Here are the differences between what we commonly call Azaleas and Rhododendrons:
- Smaller, duller leaves with a rougher texture
- Mostly deciduous (loses leaves in winter if grown outside)
- Smaller flowers, with 5 stamens
- Small shrub, up to 8 feet (although unlikely in Toronto climate!)
- Often sold as an indoor flowering potted plant.
- Can be kept in pot year round, but give it a summer outdoors, and let it stay outside in fall in the cooler weather before bringing it back inside for the winter. This will help it set flower buds. Keep in a cool, very bright location. I’ve kept azaleas in pots blooming all winter in a west-facing, cool window. Don’t let it dry out!
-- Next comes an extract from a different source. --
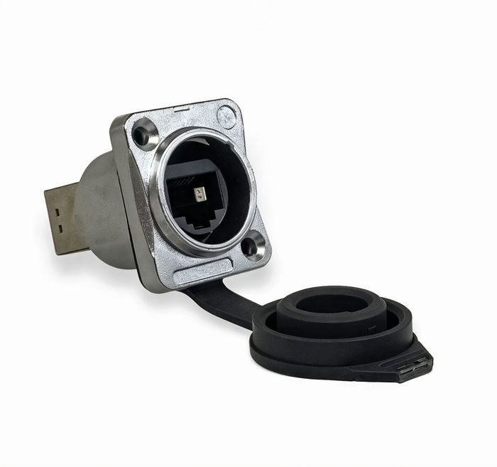 Панельная розетка RJ45 с разъемом- прямой выходной разъем- пыленепроницаемость и водонепроницаемость при подключении или с закрытой герметичной крышкой (IP65) - подходит для Cat5e, укомплектован резиновой заглушкой

- Flower colours range from the whites and purples to yellow-orange and orange
- Larger, shinier leaves with a “leathery’ appearance
- Evergreen leaves
- Larger flowers, very showy, with 10 or more stamens
- Large shrub, can grow up to 80 feet high (again, unlikely in Toronto)
What They Have In Common:
- Bloom in late spring. Flowers come in purple, lavender, white
- Need acidic soil
- Both grow in shade or dappled shade best, yet with plenty of water can take more sun
- Don’t over-fertilize these shallow rooted plants, but when you fertilize azaleas and rhododendrons, do it after flowering.
- Both benefit from a mulch around their roots, to regulate soil moisture and temperature.
- Keep roots moist but not soggy.
- Both can suffer from a yellowing of the leaf, called Chlorosis, defined by the Flower Expert, here:
chlorosis, characterized by yellowing of a leaf between dark green veins. Chlorosis can be caused by malnutrition caused by alkalinity of the soil, potassium deficiency, calcium deficiency, iron deficiency or magnesium deficiency. A combination of acidification with sulfur and iron supplements such as chelated iron or iron sulfate will usually treat this problem. Chlorosis can also be caused by nitrogen toxicity (caused by nitrate fertilizers)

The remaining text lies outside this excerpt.